Now, I’m not one to pretend I know what’s going through another person’s mind, but you could clearly see what Alex was thinking as he yelled when he saw the ball clear the fence for a homer: “Fuck you, Ryan Dempster. And you Umpire. And you, Red Sox. And you, Bud Selig. Joe Girardi, you’re cool cuz you defended me. But maybe you a little too, Brian Cashman, Hal Steinbrenner and Randy Levine!”
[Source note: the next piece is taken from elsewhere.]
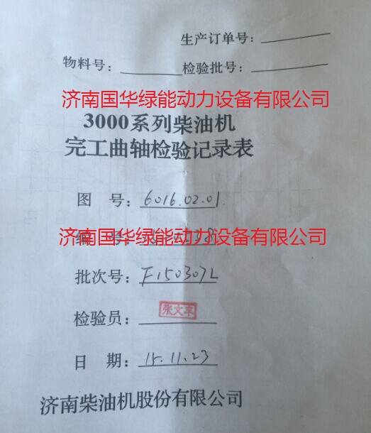 某燃?xì)獍l(fā)電用戶從我公司訂購1臺16V190曲軸發(fā)貨。

Furthermore, Alex proceeded to take one of the slowest home run trots of his career, culminating it with an uncharacteristically pronounced point to the sky as he crossed home plate. It was egregious. It was unnecessary. It was clearly Alex milking the moment to shove it up Dempster’s behind. But man, was it awesome. Alex had probably never wanted to homer off a pitcher more than he did against Dempster, and he went ahead and did it. Tremendous.
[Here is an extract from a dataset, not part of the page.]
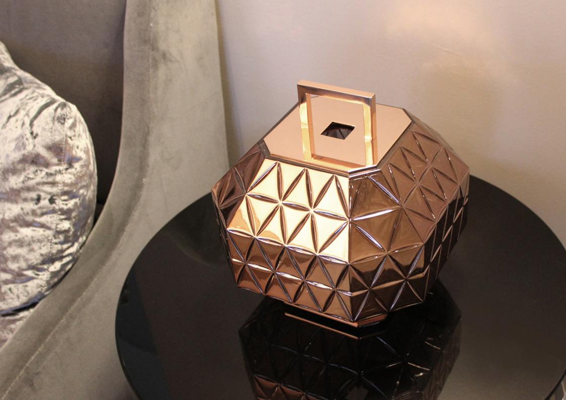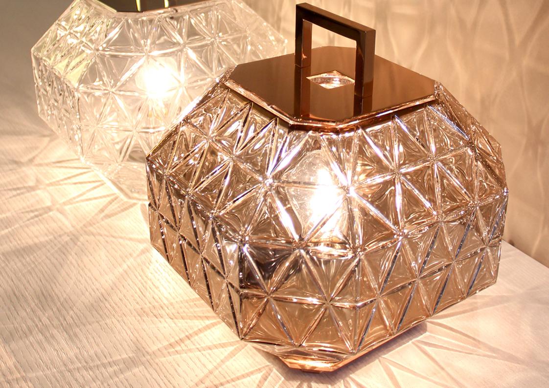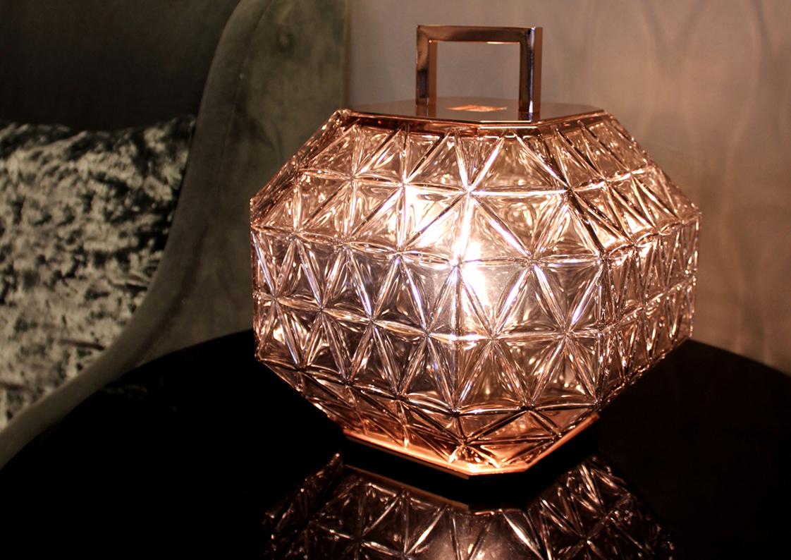 Treasure Deluxe Table Lamp features a hand blown clear or rose gold crystal diffuser polished and engraved with base, handle and inset finish in polished rose gold. Black fabric cord with dimmer control – requires one 60 watt medium base incandescent lamp, not included – UL listed.

The home run seemed to wake the Yankees up and remind them about the earlier beaning, because they ended up taking a 7-6 lead on a bases loaded triple by a very fired up Brett Gardner later in the inning.
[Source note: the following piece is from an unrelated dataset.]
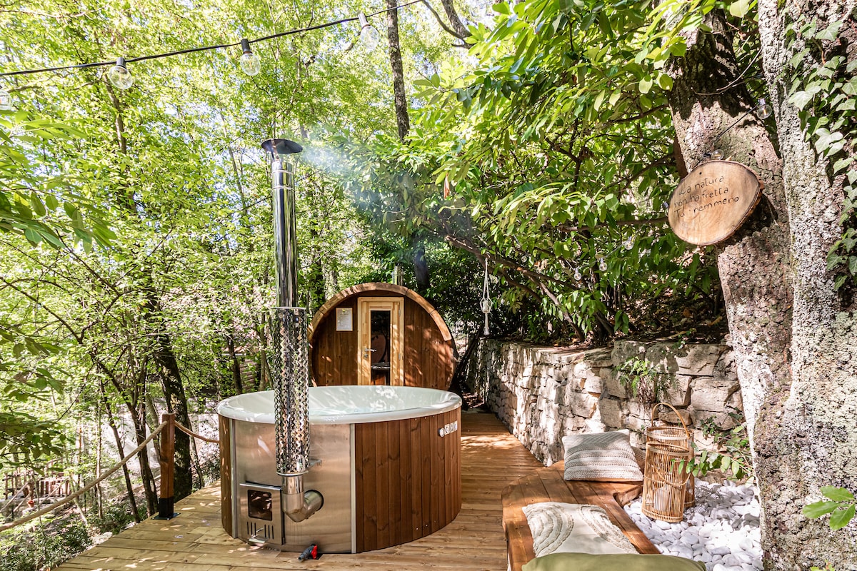Our treehouse in the woods, built from iron and originally used as a bivouac, has been transformed into a retreat inspired by Japanese philosophy. Inside, it offers a unique experience with an ofuro (traditional Japanese bathtub), a sauna for relaxation, and an emotional shower that stimulates the senses. The minimalist design and attention to detail create a serene atmosphere, perfect for rejuvenating in harmony with the surrounding nature.

Alex ended up coming to bat two more times in the game, singling in the 7th and 8th innings, finishing the night 3-4 with the homer, 2 runs scored and 2 RBI. Did I mention that the Yankees won the game 8-6, and the series 2 games to 1?
Dempster, meanwhile, ended up admitting to throwing at Alex on purpose because of the steroid use and lawsuits and what not, and was suspended for five games. I assume he also threw at Big Papi in the clubhouse away from cameras or something though, right? Because he was anti-steroids? And Papi also did steroids? Right? What a dick.
By late September, Alex’s appeal was denied, and he was banned for the next year. But, for one night, he really felt like a Yankee, with every fan on his side.